59.38166666666724.673611111111Koordinaten: 59° 23′ N, 24° 40′ O

Straße in Nõmme
Bahnhof von Nõmme

Nõmme ist ein Stadtteil der estnischen Hauptstadt Tallinn. Die Gesamtfläche beträgt 28 km². In Nõmme leben 35.463 Menschen (Stand: 31. Dezember 2011).

Lage[Bearbeiten]

Nõmme liegt im Südwesten Tallinns, mit dem Stadtteil Mustamäe im Norden und der Stadtgrenze im Süden. Östlich von Nõmme befindet sich der See Ülemiste, nordwestlich des Harku-See.
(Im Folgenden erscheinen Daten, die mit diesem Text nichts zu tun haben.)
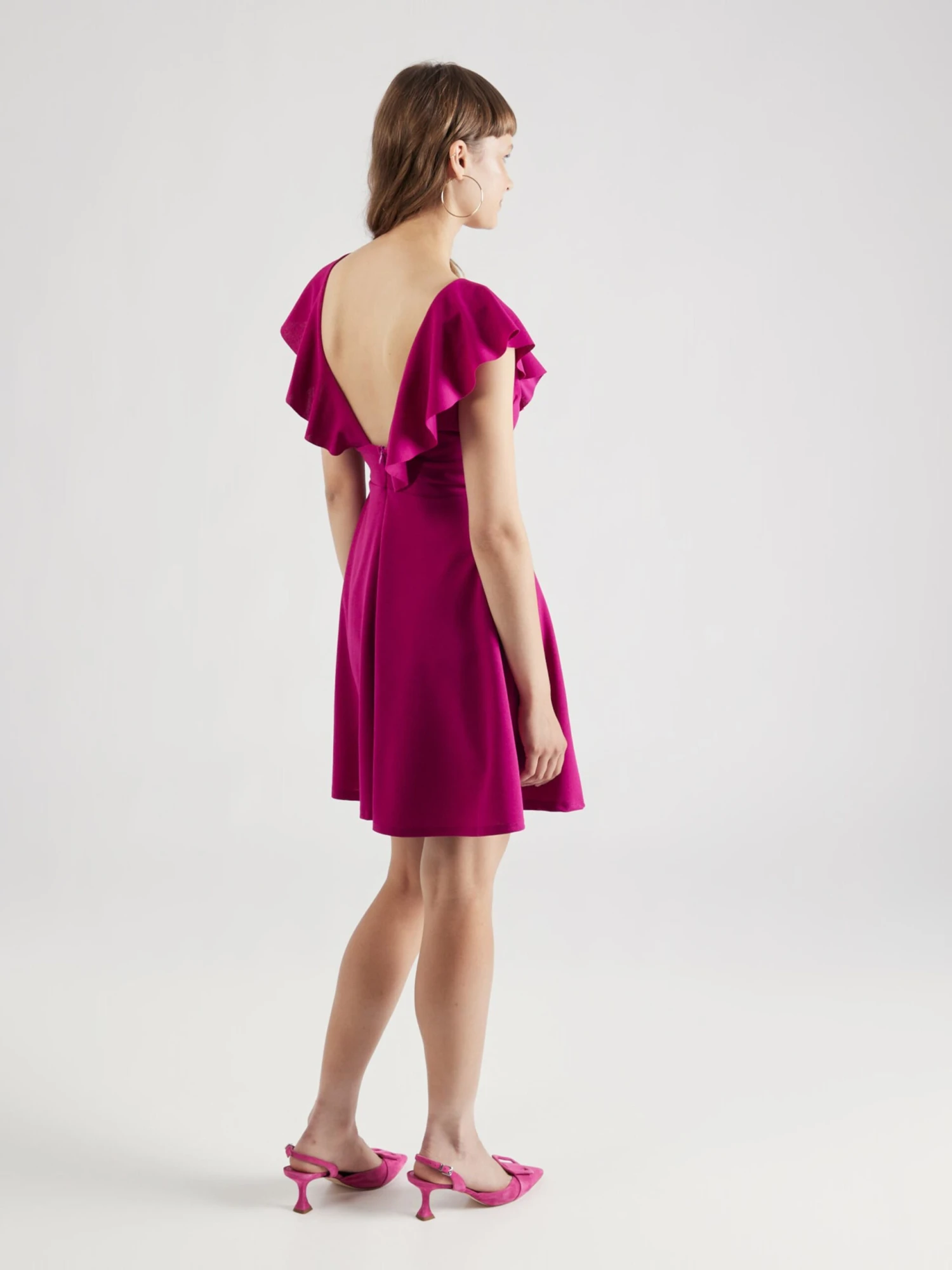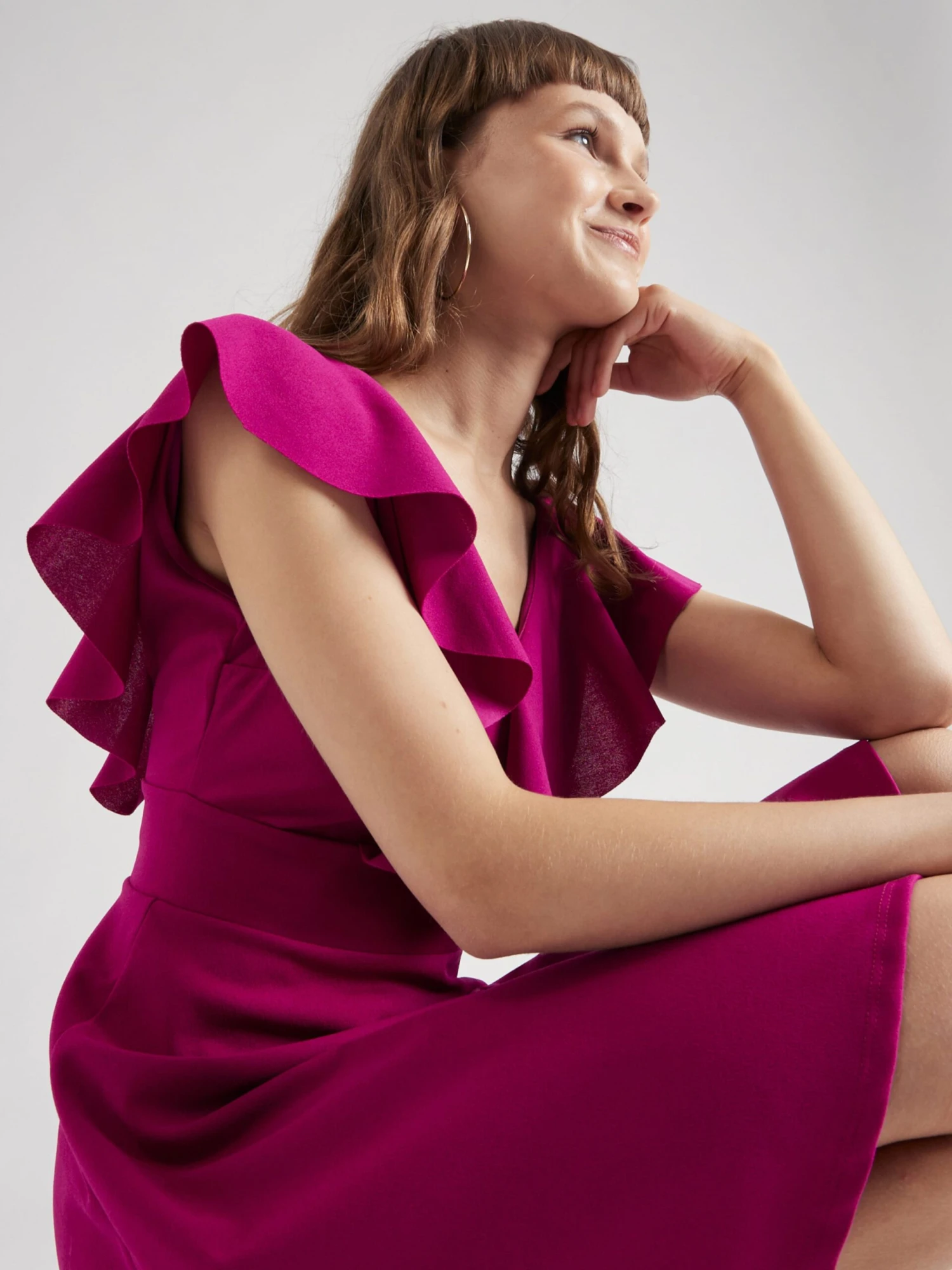 Couleur unieCol VVolantOurlet / bord surpiquéFermeture à glissière dorsaleBande à la tailleDécolleté profondDécolleté dans le dosCoutures ton sur tonTissu fluideFermeture à glissière

Bis 1940 war Nõmme eine eigene Stadt, bevor sie nach Tallinn eingemeindet wurde.[1]

Stadtbezirke[Bearbeiten]

Der Stadtteil wird heute in neun Bezirke untergliedert: Hiiu, Kivimäe, Laagri, Liiva, Männiku, Nõmme, Pääsküla, Rahumäe und Vana-Mustamäe.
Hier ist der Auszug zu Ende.